What is expected: The listing is to be repeated exactly, and its pictures are to be left out.

Dataset content:
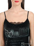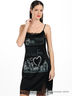 Детали: на тонких регулируемых бретельках, верхняя и нижняя часть украшены ажурным кружевом, на полочке оригинальный принт со стразами
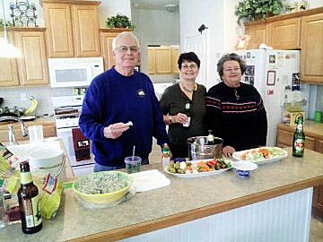 The Super Bowl Party was loads of fun and some great food! Thanks to Bob and Gail Parker who opened their home to us. Bob, Gail and Robin are pictured here. Loads of snacks, carrots, celery,special dip and beer – several types! Here is a link for our Chicken Hot Wings that we made. They were good!
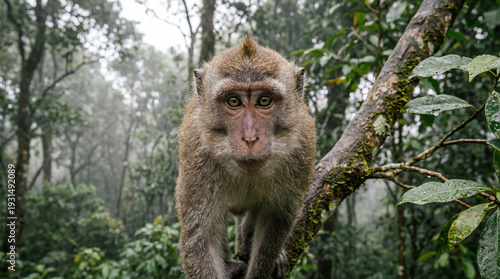 © GeniusMinus, Obraz premium Close-Up Portrait of Monkey on Mossy Tree Branch in Misty Forest
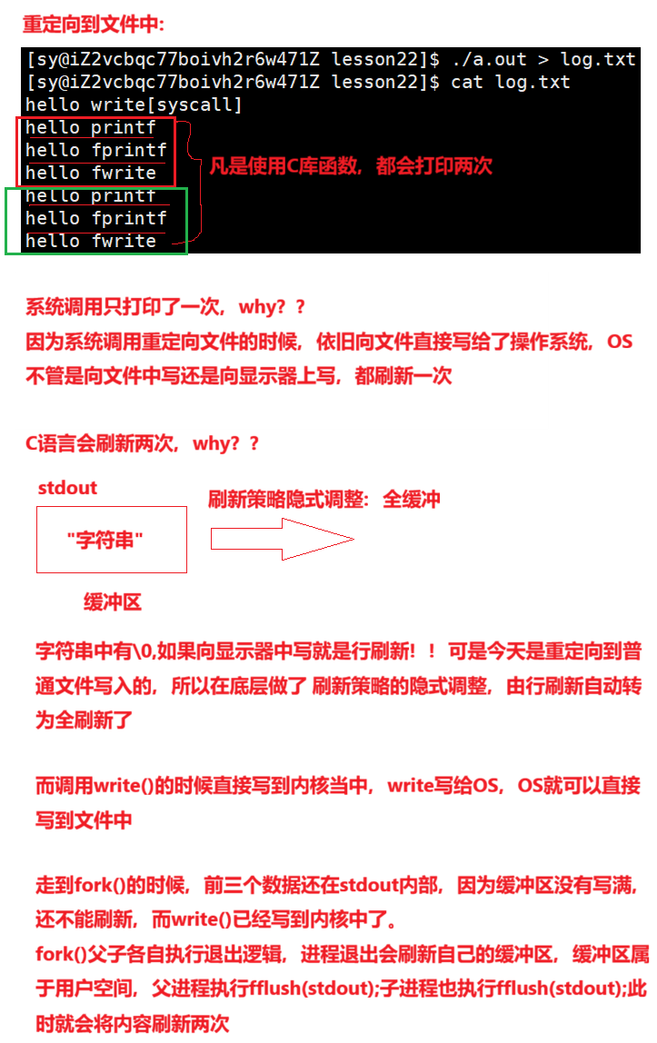 将数据存在缓冲区中,本来应该是在进程退出时进行刷新,但是close(fd);将文件关掉了,关掉了,还往哪里写呢?所以可以看到文件有,但是内容却没有。
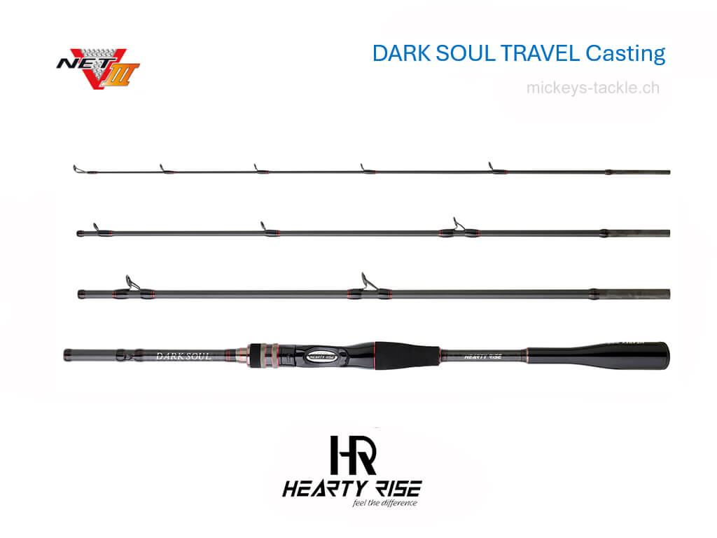 Mit der Dark Soul Travel Baitcasting Serie bringt Hearty Rise leistungsstarke Reiseruten auf den Markt, die speziell für maximale Performance bei minimalem Packmaß entwickelt wurden. Der hochwertige NET-V III Carbon Blank sorgt für eine perfekte Balance aus Sensibilität, Wurfweite und Kraftreserven.
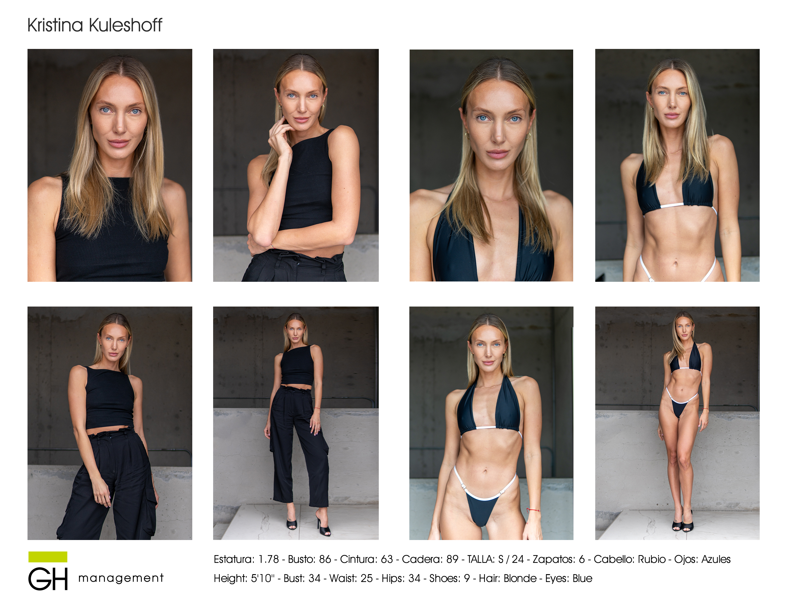 Estatura: 1.78 - Busto: 86 - Cintura: 63 - Cadera: 89 - Zapatos: 6 - Cabello: Rubio - Ojos: Azules
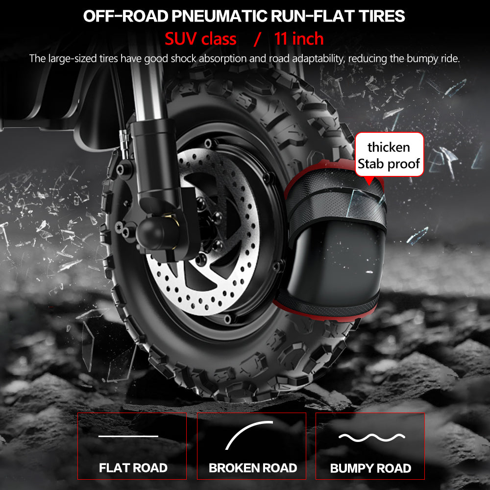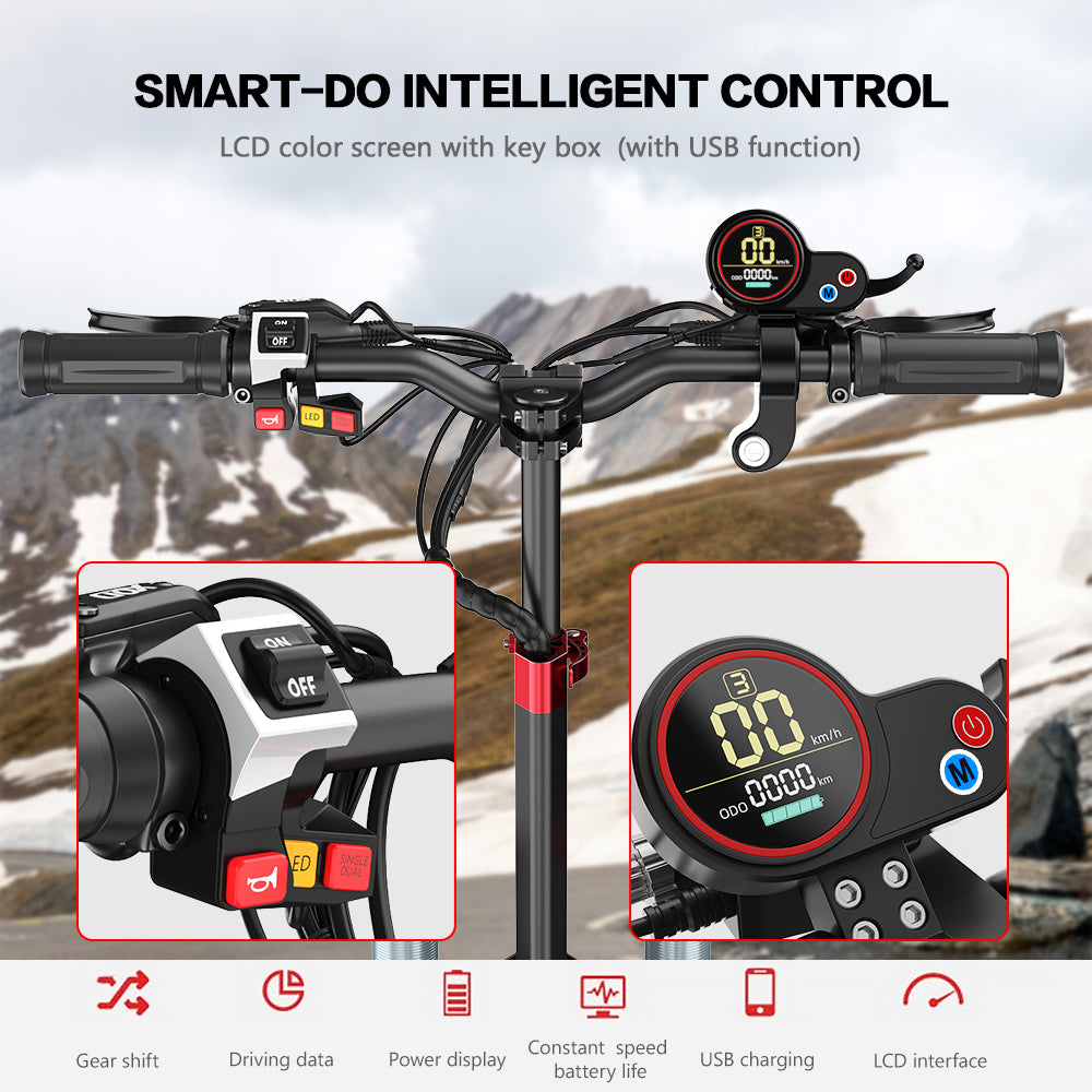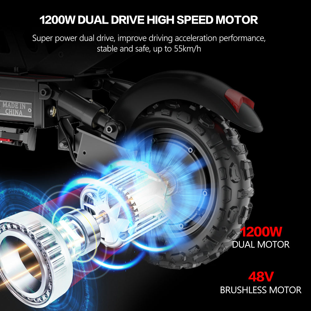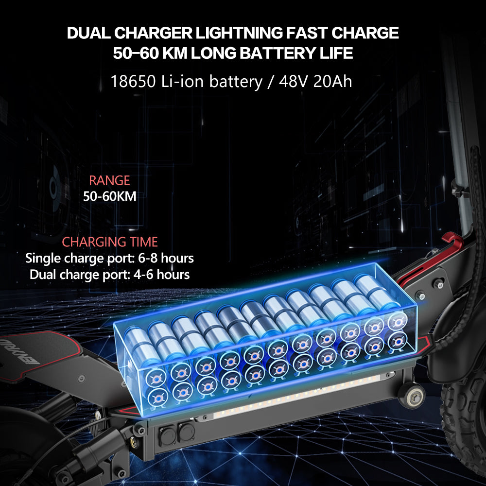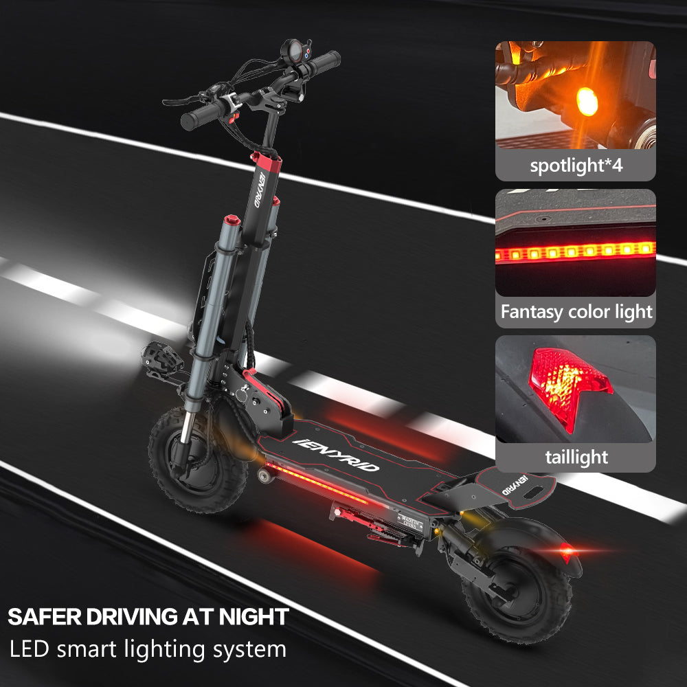 iENYRID ES20 off road all terrain electric scooter comes with dual 1200W motor, 48V 20Ah battery, 11 inch big tire, max speed 55 km/h, long range 50-60 km, max load 150 kg.
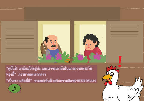 “ดูนั่นสิ! เรามีแม่ไก่อยู่น่ะ และเราจะเอามันไปแกงถวายพระวัน พรุ่งนี้” ภรรยาของเขากล่าว “เป็นความคิดที่ดี” ชายแก่เห็นด้วยกับความคิดของภรรยาตนเอง
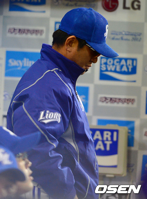 9일 부산 사직구장에서 열린 '마구매니저 아시아시리즈 2012' A조 예선 삼성 라이온즈(한국)와 라미고 몽키즈(대만)의 경기 8회초 2사 삼성 류중일 감독이 생각에 잠겨 있다
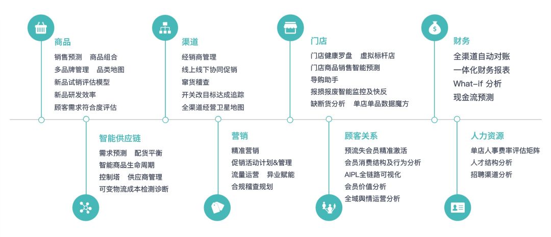 除了疫情期间企业重点关注的分析场景,回归到零售企业的日常运营分析中,观远数据还总结了包含商品、渠道、供应链、门店、营销、顾客关系、财务、人力资源等在内的八大高频使用的数据分析场景。
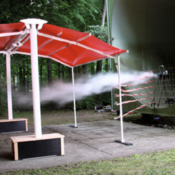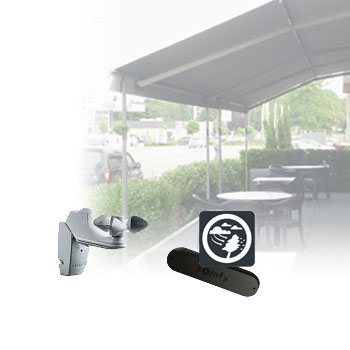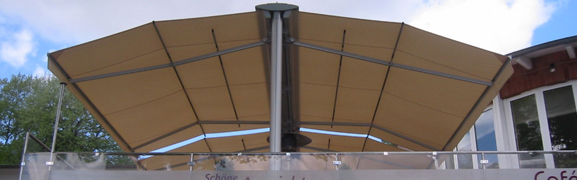 Der Wasserablauf wird bereits ab einer Neigung des Tuchs von 5° garantiert. Alle belasteten Teile sind aus speziell gehärtetem Aluminium gefertigt. Die Garantie für hohe Sicherheit. Mit der Gastro Sunrain machen Sie Ihre Außengastronomie weitgehend vom Wetter unabhängig.
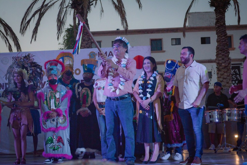 “Tienen nuestro reconocimiento especial porque han venido a enriquecer la cultura de Los Cabos y de Baja California Sur. Son un ejemplo de tenacidad, de esfuerzo y de trabajo por promover la tradición y cultura de distintos lugares de la patria; hoy, se concentran en Los Cabos para seguir preservando las tradicionesy seguiremos trabajando para que a las comunidades indígenas les vaya bien, de manera organizada y priorizando susnecesidades”, destacó al tiempo que era distinguido al recibir el bastón de mando, un elemento importante en varias culturas indígenas de México que simboliza la máxima autoridad, tanto espiritual como política de quien lo ostenta dentro del sistema de organización comunitaria.

Exercise answer:
 Детали: на тонких регулируемых бретельках, верхняя и нижняя часть украшены ажурным кружевом, на полочке оригинальный принт со стразами
 The Super Bowl Party was loads of fun and some great food! Thanks to Bob and Gail Parker who opened their home to us. Bob, Gail and Robin are pictured here. Loads of snacks, carrots, celery,special dip and beer – several types! Here is a link for our Chicken Hot Wings that we made. They were good!
 © GeniusMinus, Obraz premium Close-Up Portrait of Monkey on Mossy Tree Branch in Misty Forest
 将数据存在缓冲区中,本来应该是在进程退出时进行刷新,但是close(fd);将文件关掉了,关掉了,还往哪里写呢?所以可以看到文件有,但是内容却没有。
 Mit der Dark Soul Travel Baitcasting Serie bringt Hearty Rise leistungsstarke Reiseruten auf den Markt, die speziell für maximale Performance bei minimalem Packmaß entwickelt wurden. Der hochwertige NET-V III Carbon Blank sorgt für eine perfekte Balance aus Sensibilität, Wurfweite und Kraftreserven.
 Estatura: 1.78 - Busto: 86 - Cintura: 63 - Cadera: 89 - Zapatos: 6 - Cabello: Rubio - Ojos: Azules
 iENYRID ES20 off road all terrain electric scooter comes with dual 1200W motor, 48V 20Ah battery, 11 inch big tire, max speed 55 km/h, long range 50-60 km, max load 150 kg.
 “ดูนั่นสิ! เรามีแม่ไก่อยู่น่ะ และเราจะเอามันไปแกงถวายพระวัน พรุ่งนี้” ภรรยาของเขากล่าว “เป็นความคิดที่ดี” ชายแก่เห็นด้วยกับความคิดของภรรยาตนเอง
 9일 부산 사직구장에서 열린 '마구매니저 아시아시리즈 2012' A조 예선 삼성 라이온즈(한국)와 라미고 몽키즈(대만)의 경기 8회초 2사 삼성 류중일 감독이 생각에 잠겨 있다
 除了疫情期间企业重点关注的分析场景,回归到零售企业的日常运营分析中,观远数据还总结了包含商品、渠道、供应链、门店、营销、顾客关系、财务、人力资源等在内的八大高频使用的数据分析场景。
 Der Wasserablauf wird bereits ab einer Neigung des Tuchs von 5° garantiert. Alle belasteten Teile sind aus speziell gehärtetem Aluminium gefertigt. Die Garantie für hohe Sicherheit. Mit der Gastro Sunrain machen Sie Ihre Außengastronomie weitgehend vom Wetter unabhängig.
 “Tienen nuestro reconocimiento especial porque han venido a enriquecer la cultura de Los Cabos y de Baja California Sur. Son un ejemplo de tenacidad, de esfuerzo y de trabajo por promover la tradición y cultura de distintos lugares de la patria; hoy, se concentran en Los Cabos para seguir preservando las tradicionesy seguiremos trabajando para que a las comunidades indígenas les vaya bien, de manera organizada y priorizando susnecesidades”, destacó al tiempo que era distinguido al recibir el bastón de mando, un elemento importante en varias culturas indígenas de México que simboliza la máxima autoridad, tanto espiritual como política de quien lo ostenta dentro del sistema de organización comunitaria.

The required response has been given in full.